Esad, babasından kalma yöntemlerle yönetiyordu Suriye'yi. 1963'te ilan edilen Olağünüstü Hal, uzatıldıkça uzatıldı. Bu da, Esad'ın güvenlik güçlerine olağandışı gözaltı ve tutuklama yetkisi vermişti. Baas Partisi dışındaki diğer partilerin pek yaşama şansı kalmamıştı. Örgütlenme, toplanma ve ifade özgürlüğü o kadar sıkı denetim altındaydı ki, Esad'ın yönetim tarzına, kararlarına dönük en ufak bir muhalif duruş sergileme şansı kalmamıştı. Esad muhalifi olmanın en basit cezası, ekonomik olarak yok edilmekle başlıyor, işkence ve hapisle devam ediyordu. Esad güçlerinin gözaltına aldığı birinin akıbetini bile merak etmek "ihanetçiyle işbirlikçilik" olarak karşılık buluyordu.

Ülkedeki tüm basın organları da Baas Partisi'nin kontrolünde bulunuyordu. Baas ideolojisi dışında farklı bir bakış geliştirmeye kalkan gazeteci-yazarlar ve hatta bloggerlar sistematik olarak tutuklanmış ve yargılanmıştı.

Sosyal medya da sıkı denetim altında tutuluyor, erişim engelleri getiriliyor, uzun dönem kapatılıyor, açık kaldığı dönemdeki paylaşımlar içerisinde yer alan Esad karşıtı her şey de ağır şekilde cezalandırılıyordu.

* * *

Elindeki "tek adam"lık yetkilerini, yargıyı, güvenliği ve parlamentoyu dilediği gibi şekillendirmekte kullanan Esad diktatörlüğü, 6 yılı bulan iç savaştan demokratikleşerek mi çıkacak, yoksa aynen varlığını sürdürecek mi?
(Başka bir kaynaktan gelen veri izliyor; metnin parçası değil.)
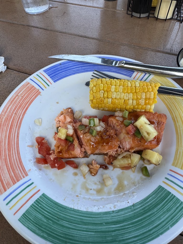 $42 for salmon the size of a chicken figure and a 3rd of an ear of corn. Boo! Won't be back.

Can alıcı soru bu...

Türkiye, Rusya ve İran'la varılan çok önemli bir uzlaşmayı duyurdu. Dün Türkiye ile Rusya, Suriye'de savaşan taraflara önerecekleri ateşkes planı üzerinde uzlaştı. Bu ateşkes, terör örgütlerini kapsamayacakmış. Ateşkesi duyuran haberde, planın, Beşşar Esed rejimi ve rejim yanlısı yabancı terörist grupların muhaliflerle çatıştığı tüm bölgelerde uygulanmasının hedeflendiği belirtiliyor.

Dışişleri kaynakları, DEAŞ, El Nusra ve PYD'nin kapsam dışında olduğunu bildirdi. Kaynaklar, yabancı güçlerin ülkeden çıkarılacağını ve ateşkesi bozana müeyyide uygulanacağını aktardı.
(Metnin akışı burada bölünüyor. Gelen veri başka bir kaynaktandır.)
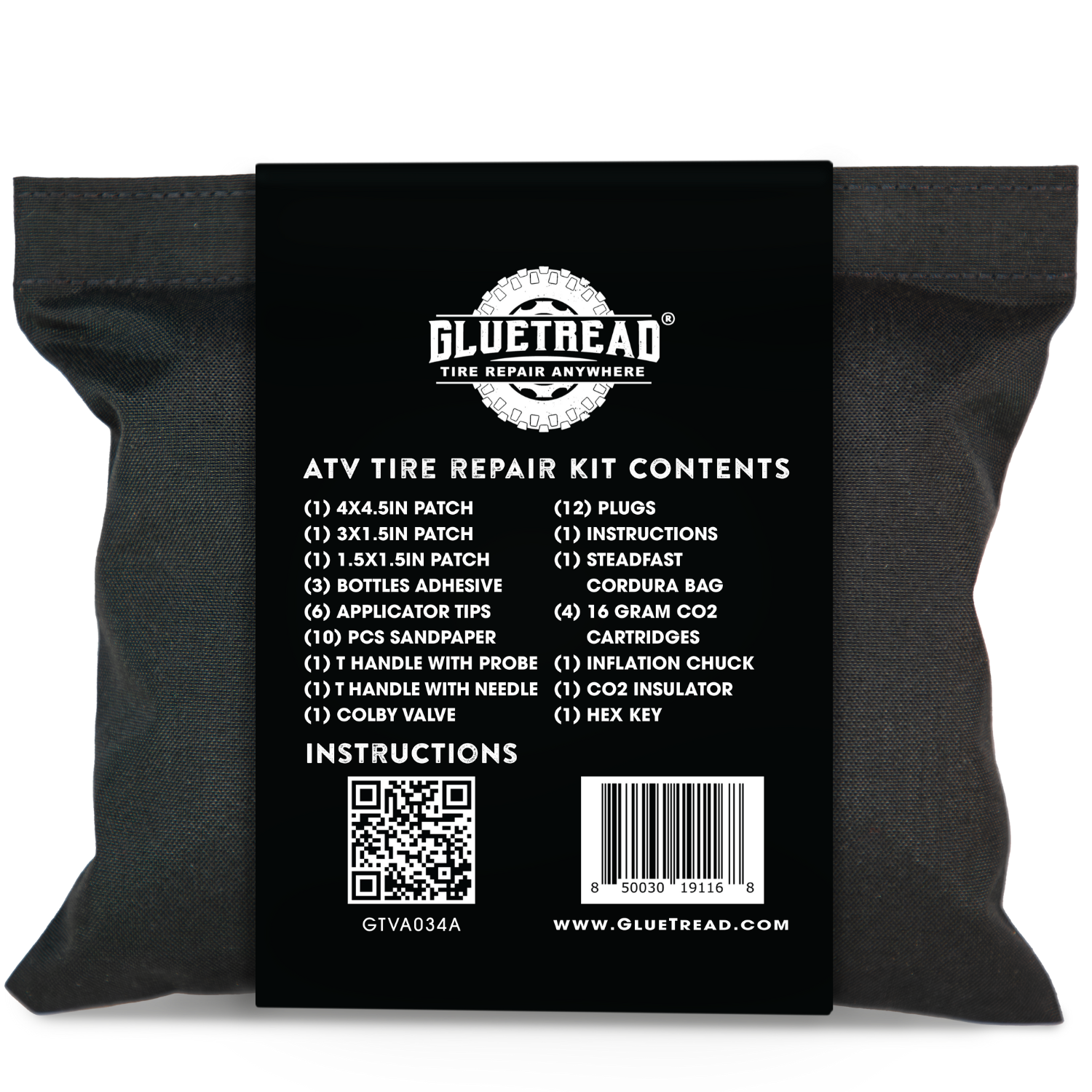The GlueTread ATV Pro Kit, originally designed for the US Border Patrol, is your all-in-one trail repair solution. Handle sidewall tears, valve stem damage, and punctures effortlessly with everything you need—including CO2 cartridges for quick reinflation. With CNC-machined aluminum T-handles and a rugged Cordura bag, both crafted in Montana, this kit is built to last.

Ateşkesin başarılı olması durumunda rejim ve muhalifler, Türkiye ile Rusya öncülüğünde, Astana'da siyasi müzakerelere başlayacak.

* * *

Diktatör Beşşar Esad, Astana'da müzakerelerin bir tarafında söz sahibi olacak. Rusya ve İran da Esad destekçisi olarak yer alacak. Türkiye ve muhalifler ise diğer yanda...

Dışişleri Bakanı Mevlüt Çavuşoğlu, dün üzerinde mutabık kalınan ateşkes planıyla ilgili açıklamasında Esad'lı bir geçiş sürecinin imkansız olduğunu vurgulayarak "Suriye muhalefeti de bunu kabul etmez" dedi.

Astana'da masanın diğer yanında yer alacak olan İran, daha şimdiden Türkiye'nin Suriye topraklarında bulunmasının uluslararası hukuka aykırı olduğuna dair açıklamalar yapmaya başladı. Türkiye, Astana'ya El Bab'ı ÖSO'ya teslim etmiş olarak gitmek istiyor, İran ve Şam yönetimi ise tam tersini...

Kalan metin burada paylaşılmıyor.